At the end of the 20th century and the dawn of the new millennium, sport, like many other facets of society, has become beset by many legal challenges. Many of these deal with drug use in sport, or doping. When athletes are accused of doping, they usually challenge the legality of the testing system, ensuring a long, and often expensive, legal battle. The International Olympic Committee (IOC) attempted to solve some of these legal problems by forming the Court of Arbitration for Sport, based in Lausanne, Switzerland. The CAS was formed in 1983 by the IOC, but was restructured in 1994 as an independent body, after a legal decision made note that the IOC and the CAS were very closely aligned.
At major international sporting events, athletes must now sign an agreement that any legal problems that may ensue from their participation, including a doping disqualification, will be adjudicated by submitting the problem for arbitration to the CAS. Of minor importance in the first few years of its existence, the CAS has now assumed a prominent role at major international sporting events. Many of the International Federations (IFs) and other sport governing bodies have agreed to give the CAS binding authority to rule on disputes involving sports law.

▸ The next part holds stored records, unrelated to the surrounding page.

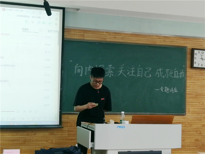 2019年5月30日上午,我院在教学五楼5208教室举行了心理健康专题讲座,本次讲座主题为“向内探索,关注自己,成就自我”,邀请到我校心理健康教育咨询指导中心周全丽老师,雁塔校区各班级学生代表参加。
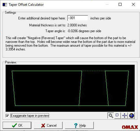 - En el pop-up ventana usted puede elegir definir la forma cónica compensada por pulgadas
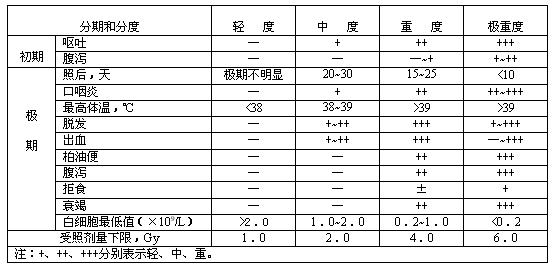 5.3.2輕度腸型急性放射?。菏苷談┝?0~20 Gy。除照后1h內出現嚴重惡心、嘔吐外,1~3天內出現腹瀉稀便,血水便,并可有腮腺腫痛,經3~6天緩解期后上述癥狀加重為極期開始,可伴有水樣便或血水便,發熱。
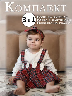 Нарядный боди с юбкой для новорожденных комплект с повязкой
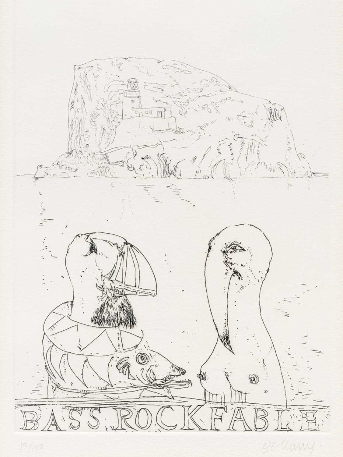 John BELLANY (1942-2013) Bass Rock Fable Etching, signed and numbered 12/100, plate size 24 x 16cm, 64 x 46cm framed.
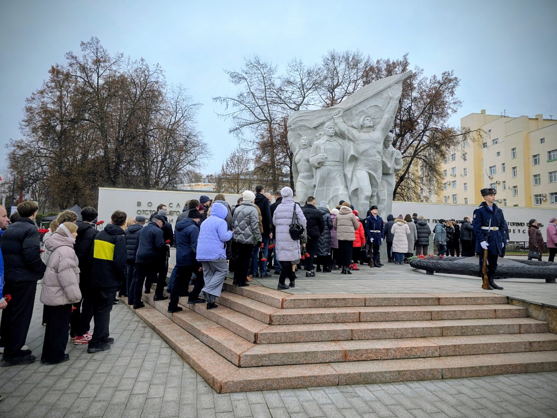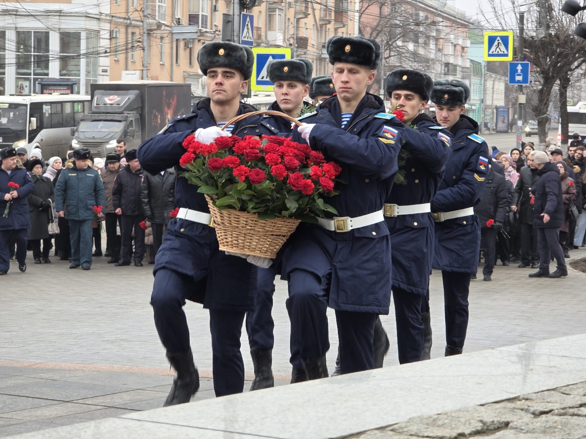 Цветы к «Монументу Победы» возложили первый заместитель председателя правительства Денис Боков и начальник Рязанского высшего воздушно-десантного ордена Суворова дважды Краснознамённого командного училища имени генерала армии В.Ф.Маргелова, гвардии полковник Олег Пономарёв.
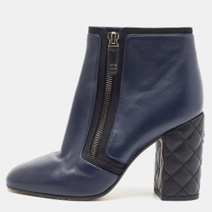 Chanel Black/Blue Tweed and Patent Leather Chain Embellished Boots Size 37
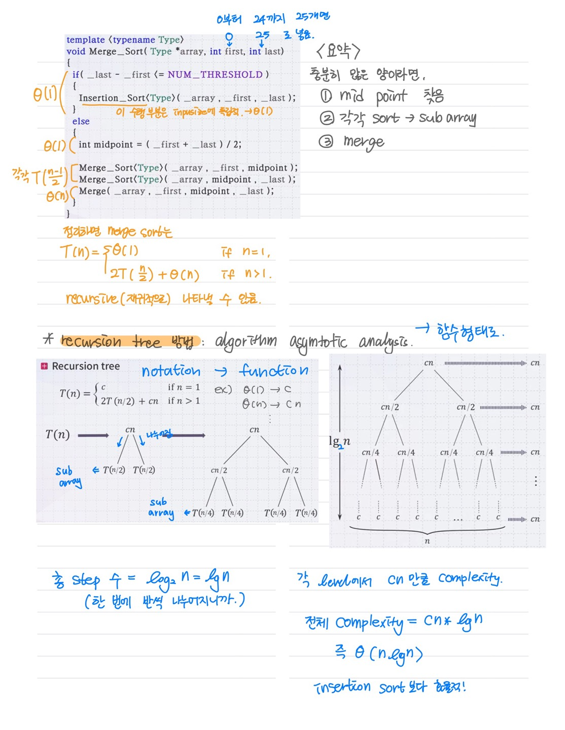 생각해보면 당연히 N이 늘어날수록 2가 곱해지기 때문에 당연한데 괜히 merge algorithm때문에 헷갈렸다.
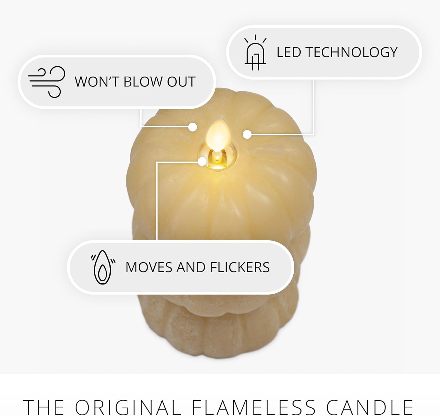 - This flameless candle features three stacked pumpkins in a pale golden husk color with a chalky finish that illuminates with completely safe and romantic candlelight.
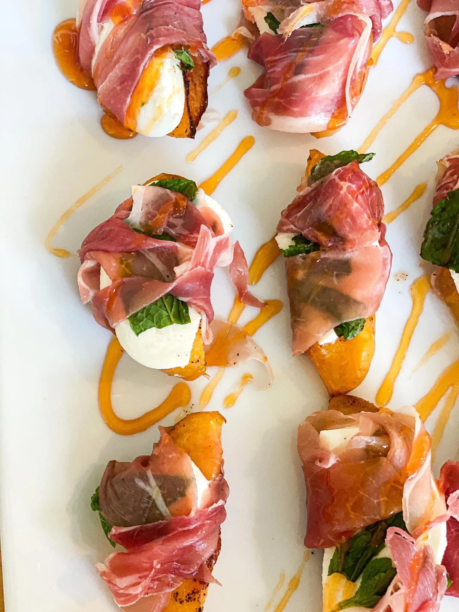 Herbed Whipped Feta Crostini: Whipped feta with roasted cherry tomatoes, prosciutto, fresh basil, and a hot honey drizzle for spice and sweetness.
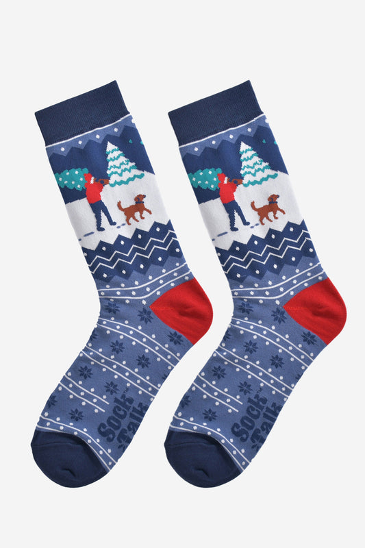 Men's Bamboo Socks - Blue, Christmas Man and His Dog
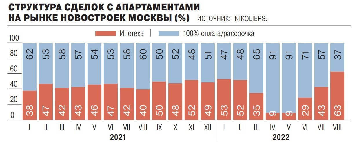 Наиболее чувствительным сегментом рынка столичных новостроек оказались апартаменты. Спрос на них в апреле—августе текущего года упал почти вдвое год к году из-за высоких ставок по ипотеке и снижения уровня доходов граждан.
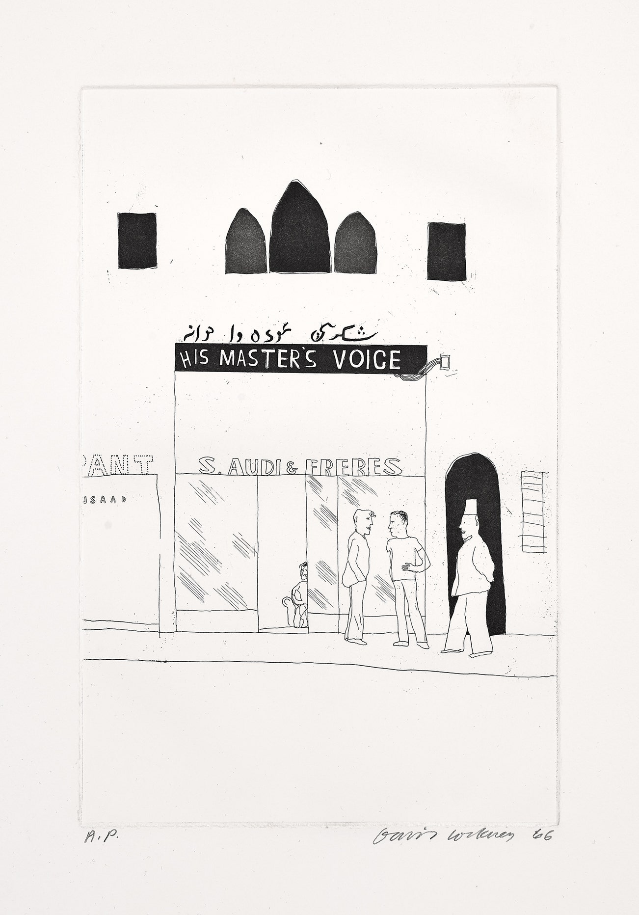 The Shop Window of a Tobacco Store, plate 7 from Illustrations for 14 Poems by C.P. Cavafy (E.A. 464, S.A.C. 53, M.C.A.T. 53)

When a dispute arises, the parties may choose one arbitrator from CAS’s pool of 150 internationally recognized arbitration experts, or each party may choose one arbitrator with the CAS choosing a third arbitrator to serve as the president of the panel for that dispute. Costs of the arbitration process are paid by the loser in the dispute, as is common in European courts of law. During the Olympic Games a panel of CAS arbitrators is available for emergency decisions to be adjudicated within 24 hours.